Preparation and characterization of hydroxyapatite incorporated silica aerogel and its effect on normal human dermal fibroblast cells

• Published in: Journal of sol-gel science and technology Vol. 90; no. 2; pp. 422 - 433
• Main Authors: Sani, Nor Suriani, Malek, Nik Ahmad Nizam Nik, Jemon, Khairunadwa, Kadir, Mohammed Rafiq Abdul, Hamdan, Halimaton
• Format: Journal Article
• Language: English
• Published: New York Springer US 15.05.2019; Springer Nature B.V
• Subjects: Aerogels; Biocompatibility; Biomedical materials; Ceramics; Chemistry and Materials Science; Composites; Energy transmission; Fibroblasts; Fish; Fourier transforms; Glass; Hydroxyapatite; Infrared analysis; Inorganic Chemistry; Materials Science; Nanotechnology; Natural Materials; Optical and Electronic Materials; Original Paper: Sol-gel and hybrid materials for biological and health (medical) applications; Pressure; Silicon dioxide; Soft tissues; Sol-gel processes; Thermogravimetric analysis; Weight; X ray analysis; X-ray diffraction; Fibroblast cells; Silica aerogel; Biocompatibility; Hydroxyapatite; Biomaterial
• ISSN: 0928-0707; 1573-4846
• DOI: 10.1007/s10971-019-04946-z

The development of biomedical materials is increasing nowadays due to the increasing demands in medical area and various manmade advanced materials have been explored.

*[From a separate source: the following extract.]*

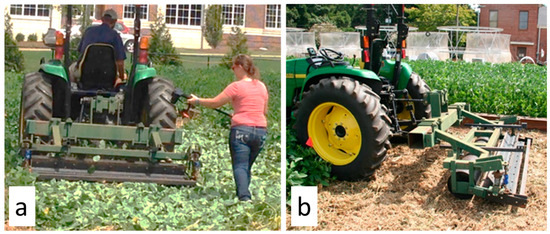 (a) Rear view of the two-stage roller/crimper developed and patented at the USDA-ARS, National Soil Dynamics Laboratory in Auburn, Alabama, terminating iron clay peas during the 2015 growing season; (b) side view of the 2-stage roller/crimper mounted on the John Deere 4710 tractor.

In this study, the hydroxyapatite (HA) which is widely used biomaterial has been incorporated in silica aerogel (SA) through sol-gel ambient pressure drying (APD) technique using amorphous silica from rice husk ash. The HA incorporated SA (HAESA) samples with different weight ratio of HA/SiO 2 (0.05, 0.1, 0.5, 1.0 and 1.3) were characterized and studied for their in vitro biocompatibility against normal human fibroblast cells. Based on the characterization results from Fourier transform infrared spectroscopy, X-ray diffraction, scanning electron microscope, energy dispersive X-ray analysis, transmission electron microscope and thermogravimetric analysis, the HAESA samples with lower weight ratio of HA/SiO 2 (0.05, 0.1 and 0.5) were silica-rich materials compared to that of higher weight ratio (1.0 and 1.3) which were silica-deficient materials. This resulted in different effects towards in vitro cell viability where the silica-rich HAESA samples have higher biocompatibility compared to that of silica-deficient materials based on trypan blue and cell viability assays. The optimum weight ratio of HA/SiO 2 was for HAESA-0.5 (weight ratio of 0.5) in which it has the characteristics of HA and SA, and this eventually resulted in the highest cell viability which is up to 180% after 48 h exposure. Therefore, it can be concluded that the right amount of HA incorporated in the SA network can be performed by using sol-gel APD technique and resulted in high biocompatibility which is suitable to be used as alternative biomaterial for soft tissue application. A series of hydroxyapatite (HA) incorporated silica aerogel with different weight ratio of HA/SiO 2 was prepared via sol-gel ambient pressure drying (APD) technique, characterized and analyzed for their cell viability against normal human fibroblast cells. The weight ratio of 0.5 (HA/SiO 2 ) was the optimum ratio where it has characteristics of silica aerogel and hydroxyapatite and resulted in the highest cell viability. Highlights Hydroxyapatite incorporated silica aerogel (HAESA) was synthesized via sol-gel APD technique. Silica-rich HAESA have higher cytocompatibility against human fibroblast cells. HAESA with weight ratio of hydroxyapatite/SiO 2 equal to 0.5 has the highest cytocompatibility.